Stored items from a collection
--- --- ---

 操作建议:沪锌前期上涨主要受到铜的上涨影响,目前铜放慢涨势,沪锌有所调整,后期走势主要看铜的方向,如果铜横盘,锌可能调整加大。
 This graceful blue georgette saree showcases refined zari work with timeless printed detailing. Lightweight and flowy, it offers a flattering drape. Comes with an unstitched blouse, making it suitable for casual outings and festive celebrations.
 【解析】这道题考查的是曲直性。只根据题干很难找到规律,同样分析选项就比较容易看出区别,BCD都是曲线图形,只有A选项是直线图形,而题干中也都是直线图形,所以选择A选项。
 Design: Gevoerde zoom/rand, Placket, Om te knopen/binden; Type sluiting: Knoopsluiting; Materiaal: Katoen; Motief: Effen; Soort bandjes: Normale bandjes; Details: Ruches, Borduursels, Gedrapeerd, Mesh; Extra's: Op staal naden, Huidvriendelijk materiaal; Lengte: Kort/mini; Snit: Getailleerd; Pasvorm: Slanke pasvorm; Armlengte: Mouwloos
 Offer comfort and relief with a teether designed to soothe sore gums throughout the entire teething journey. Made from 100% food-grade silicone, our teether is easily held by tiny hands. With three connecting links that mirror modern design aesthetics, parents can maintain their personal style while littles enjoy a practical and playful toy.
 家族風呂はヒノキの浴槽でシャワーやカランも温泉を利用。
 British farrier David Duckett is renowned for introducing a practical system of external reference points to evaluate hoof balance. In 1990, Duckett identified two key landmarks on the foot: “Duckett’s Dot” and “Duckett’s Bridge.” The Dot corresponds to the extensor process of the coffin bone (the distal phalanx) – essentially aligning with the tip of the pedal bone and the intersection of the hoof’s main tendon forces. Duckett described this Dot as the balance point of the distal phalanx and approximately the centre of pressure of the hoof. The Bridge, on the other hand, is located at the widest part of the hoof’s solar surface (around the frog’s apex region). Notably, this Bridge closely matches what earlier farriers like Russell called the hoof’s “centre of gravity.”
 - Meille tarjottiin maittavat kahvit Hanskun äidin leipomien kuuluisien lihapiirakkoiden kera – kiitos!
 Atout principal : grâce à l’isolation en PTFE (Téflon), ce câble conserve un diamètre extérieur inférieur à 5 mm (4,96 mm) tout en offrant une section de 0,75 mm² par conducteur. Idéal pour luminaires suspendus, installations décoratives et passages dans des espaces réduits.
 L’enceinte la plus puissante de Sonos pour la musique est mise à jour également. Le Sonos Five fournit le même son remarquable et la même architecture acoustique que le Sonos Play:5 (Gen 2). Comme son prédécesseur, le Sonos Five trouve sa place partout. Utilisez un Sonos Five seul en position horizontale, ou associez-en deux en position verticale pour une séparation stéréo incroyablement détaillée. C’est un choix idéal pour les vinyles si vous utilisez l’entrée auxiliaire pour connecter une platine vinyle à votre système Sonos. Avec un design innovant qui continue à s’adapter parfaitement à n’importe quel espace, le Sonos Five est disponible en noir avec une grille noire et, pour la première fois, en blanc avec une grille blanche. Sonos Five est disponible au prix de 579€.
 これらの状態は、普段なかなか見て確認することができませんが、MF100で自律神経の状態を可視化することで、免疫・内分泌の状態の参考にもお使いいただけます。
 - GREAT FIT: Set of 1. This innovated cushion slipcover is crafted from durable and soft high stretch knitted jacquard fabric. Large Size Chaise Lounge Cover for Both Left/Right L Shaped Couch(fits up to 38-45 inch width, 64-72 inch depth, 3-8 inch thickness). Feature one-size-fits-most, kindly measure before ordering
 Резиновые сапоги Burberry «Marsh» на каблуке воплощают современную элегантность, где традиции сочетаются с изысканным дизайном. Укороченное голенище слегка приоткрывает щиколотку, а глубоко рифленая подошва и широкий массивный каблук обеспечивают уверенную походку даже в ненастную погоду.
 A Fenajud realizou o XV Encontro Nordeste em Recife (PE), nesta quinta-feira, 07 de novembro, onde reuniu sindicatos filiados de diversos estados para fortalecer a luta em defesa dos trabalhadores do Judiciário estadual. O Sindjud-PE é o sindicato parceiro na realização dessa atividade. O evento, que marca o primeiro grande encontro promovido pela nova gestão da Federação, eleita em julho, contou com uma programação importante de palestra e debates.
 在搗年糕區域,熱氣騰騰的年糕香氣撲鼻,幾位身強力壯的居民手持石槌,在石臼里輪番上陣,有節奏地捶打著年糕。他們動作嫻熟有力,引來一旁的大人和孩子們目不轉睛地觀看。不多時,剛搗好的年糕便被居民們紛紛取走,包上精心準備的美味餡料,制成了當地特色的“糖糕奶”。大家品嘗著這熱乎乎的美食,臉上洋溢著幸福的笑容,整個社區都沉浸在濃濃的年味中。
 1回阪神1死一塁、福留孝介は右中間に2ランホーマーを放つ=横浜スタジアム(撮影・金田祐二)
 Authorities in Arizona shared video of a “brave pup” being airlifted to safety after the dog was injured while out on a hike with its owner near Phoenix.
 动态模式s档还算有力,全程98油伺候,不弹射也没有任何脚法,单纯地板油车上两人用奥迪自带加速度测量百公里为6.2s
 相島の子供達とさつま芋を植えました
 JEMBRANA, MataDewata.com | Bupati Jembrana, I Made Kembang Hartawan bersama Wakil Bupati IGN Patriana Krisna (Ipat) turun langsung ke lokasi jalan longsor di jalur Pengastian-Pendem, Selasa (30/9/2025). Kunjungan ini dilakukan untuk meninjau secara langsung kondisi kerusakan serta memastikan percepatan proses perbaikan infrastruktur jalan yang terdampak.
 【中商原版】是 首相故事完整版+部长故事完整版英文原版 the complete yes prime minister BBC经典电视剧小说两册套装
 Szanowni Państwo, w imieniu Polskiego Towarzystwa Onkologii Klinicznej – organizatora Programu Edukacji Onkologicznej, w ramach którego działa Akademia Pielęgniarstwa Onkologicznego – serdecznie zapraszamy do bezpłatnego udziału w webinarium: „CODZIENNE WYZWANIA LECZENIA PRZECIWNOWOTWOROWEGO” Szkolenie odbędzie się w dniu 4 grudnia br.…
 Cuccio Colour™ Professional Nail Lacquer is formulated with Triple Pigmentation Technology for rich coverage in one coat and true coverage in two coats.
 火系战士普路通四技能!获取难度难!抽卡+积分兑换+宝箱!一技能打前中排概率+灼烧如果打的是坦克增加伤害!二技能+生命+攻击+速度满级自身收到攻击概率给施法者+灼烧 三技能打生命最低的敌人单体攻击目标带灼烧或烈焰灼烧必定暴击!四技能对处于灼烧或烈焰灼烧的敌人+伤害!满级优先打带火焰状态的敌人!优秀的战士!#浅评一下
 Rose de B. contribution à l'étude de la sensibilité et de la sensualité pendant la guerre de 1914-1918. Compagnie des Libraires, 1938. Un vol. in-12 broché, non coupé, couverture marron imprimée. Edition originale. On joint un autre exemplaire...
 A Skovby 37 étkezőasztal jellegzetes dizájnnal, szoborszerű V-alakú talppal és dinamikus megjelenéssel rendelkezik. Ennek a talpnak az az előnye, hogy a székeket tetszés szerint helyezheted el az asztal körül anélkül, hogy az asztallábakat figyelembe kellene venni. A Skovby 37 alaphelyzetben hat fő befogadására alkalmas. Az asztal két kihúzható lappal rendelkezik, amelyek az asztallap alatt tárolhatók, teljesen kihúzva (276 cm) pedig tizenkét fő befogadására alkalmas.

--- --- ---

Task description:
In the entries above, find the line holding "在搗年糕區域,熱氣騰騰的年糕" and the line holding "1回阪神1死一塁、福留孝介は", then retype exactly those two lines and every line between them, and nothing else.

Answer box:
 在搗年糕區域,熱氣騰騰的年糕香氣撲鼻,幾位身強力壯的居民手持石槌,在石臼里輪番上陣,有節奏地捶打著年糕。他們動作嫻熟有力,引來一旁的大人和孩子們目不轉睛地觀看。不多時,剛搗好的年糕便被居民們紛紛取走,包上精心準備的美味餡料,制成了當地特色的“糖糕奶”。大家品嘗著這熱乎乎的美食,臉上洋溢著幸福的笑容,整個社區都沉浸在濃濃的年味中。
 1回阪神1死一塁、福留孝介は右中間に2ランホーマーを放つ=横浜スタジアム(撮影・金田祐二)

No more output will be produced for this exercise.